Trump and Russia’s growing role in Libya
As the Russian aircraft carrier Admiral Kuznetsov was returning to Russia in January from Syria through the Mediterranean, it made an unlikely stop off the Libyan coast near Tobruk. A Russian helicopter flew in self-proclaimed Libyan National Army commander Field Marshal Khalifa Haftar, who was received on board in an official military ceremony.
Less than two months later, the Western-backed Libyan Prime Minister Fayez al-Sarraj went to Moscow, urging for Russian mediation to compel Haftar to concede. He returned empty-handed.
Moscow’s consequential moves since last year are yielding high returns for a low-risk investment, steadily transforming Russia into a potent player in southern Europe’s backyard. Now that the Islamic State (ISIS) has been nearly eradicated from Libya, US President Donald Trump’s administration will have to assess if a Russian foothold in the south of the Mediterranean poses a threat to US national security.
Libyan rivals have been enticing Moscow to intervene, in particular after its military campaign in Syria. The Government of National Accord Deputy Prime Minister Ahmed Maiteeq went to Moscow in May 2016 to enlist Russian support in the fight against terrorist groups in Libya. The United States ended up providing airpower to the forces led by the Government of National Accord (GNA) and helped liberate Sirte from ISIS last December.
In the case of Haftar, the gateway to Russia has been the warming of relations between Moscow and Cairo since Russian President Vladimir Putin’s visit to Egypt in February 2015. Haftar went to Moscow twice last year while his troops were defeating the Petroleum Facilities Guard led by Ibrahim Jathran, a close ally of the GNA, and seizing control of oil terminals in Ras Lanuf, Al-Sidra, Zueitina and Brega. Haftar handed the seized oil crescent terminals to Libya’s National Oil Corporation (NOC), which promptly resumed oil exports from eastern Libya.
On February 20th, the NOC signed an agreement with Russia’s Rosneft to jointly evaluate opportunities for oil exploration and production. The White House’s executive order in January banning travel from Libya among seven countries led to the postponement of a major February 16th conference by the National Council for US-Libyan Relations that was meant to promote investment opportunities for US firms in the Libyan energy and infrastructure sectors.
No doubt Haftar is gaining the upper hand. Sarraj has failed to extend his control over the western part of Libya and is struggling to exert influence on forces in Misrata and Tripoli.
While the GNA looks for international support across the board, Haftar’s dealings with foreign powers have been more tactical. He managed to militarily shape a Libyan status quo in which no long-term or comprehensive solution can be reached without his consent.
International efforts to integrate him in the institutions that emanated from the Libyan political agreement have failed. Sarraj’s only hope is for Haftar to accept an official role that legitimises the GNA but the Libyan military leader is in no rush to concede.

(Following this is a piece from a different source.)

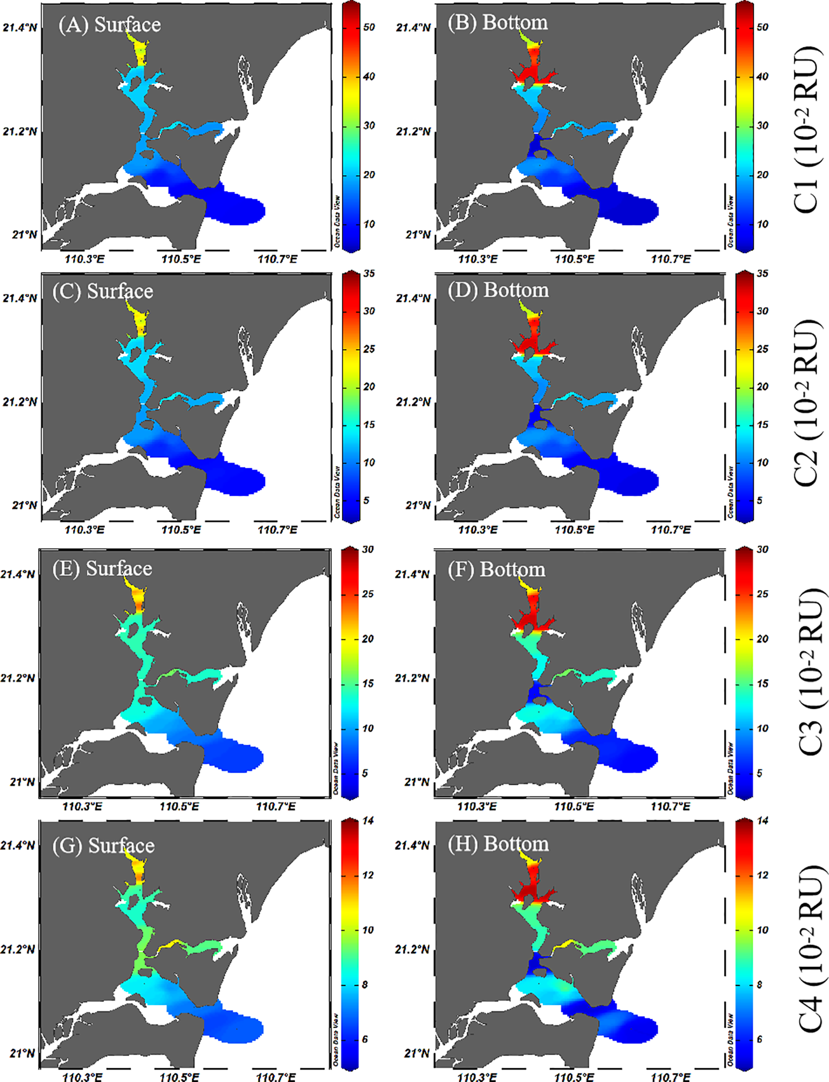 Spatial distributions of fluorescence components C1 (A, B), C2 (C, D), C3 (E, F) and C4 (G, H) in the surface and bottom water of Zhanjiang Bay during the sampling period.

For the European Union, the predominant concern remains curbing the flow of migrants across the central Mediterranean via Libya, hence Brussels has been eager to engage Haftar. However, British Defence Secretary Michael Fallon said at February’s Munich Security Conference that Russia was testing NATO in Libya and that “we don’t need the bear sticking his paws in”.
Libya is increasingly becoming one of the many issues in which the Trump administration and the Europeans do not see eye to eye.
Two key policy questions will define the US approach to Libya: What to do with Haftar and how to react to Russia’s involvement. The Emirati, Russian and Egyptian support will likely ensure that the Trump administration does not challenge Haftar.
The Libyan field marshal made it clear what he hopes to happen. “If Russia and the United States come together to stamp out terrorism, that can help us. We are going to shake their hands. We will align with them,” he said on February 5th to France’s Journal du Dimanche. Such an improbable US-Russian deal in Libya would significantly weaken European influence in North Africa.
Indeed, what will happen in Libya in 2017 largely depends on what steps Haftar takes and on how the Trump administration shapes its relations with Moscow. The most plausible scenario is for Washington to intermittently focus on ISIS while remaining neutral on Libya, which will allow Haftar’s influence to grow on its own.
Ultimately, Putin will have yet another bargaining chip with the Europeans. Moscow is increasingly becoming the go-to place for Libya and the United States seems fine with that as long as ISIS is subdued.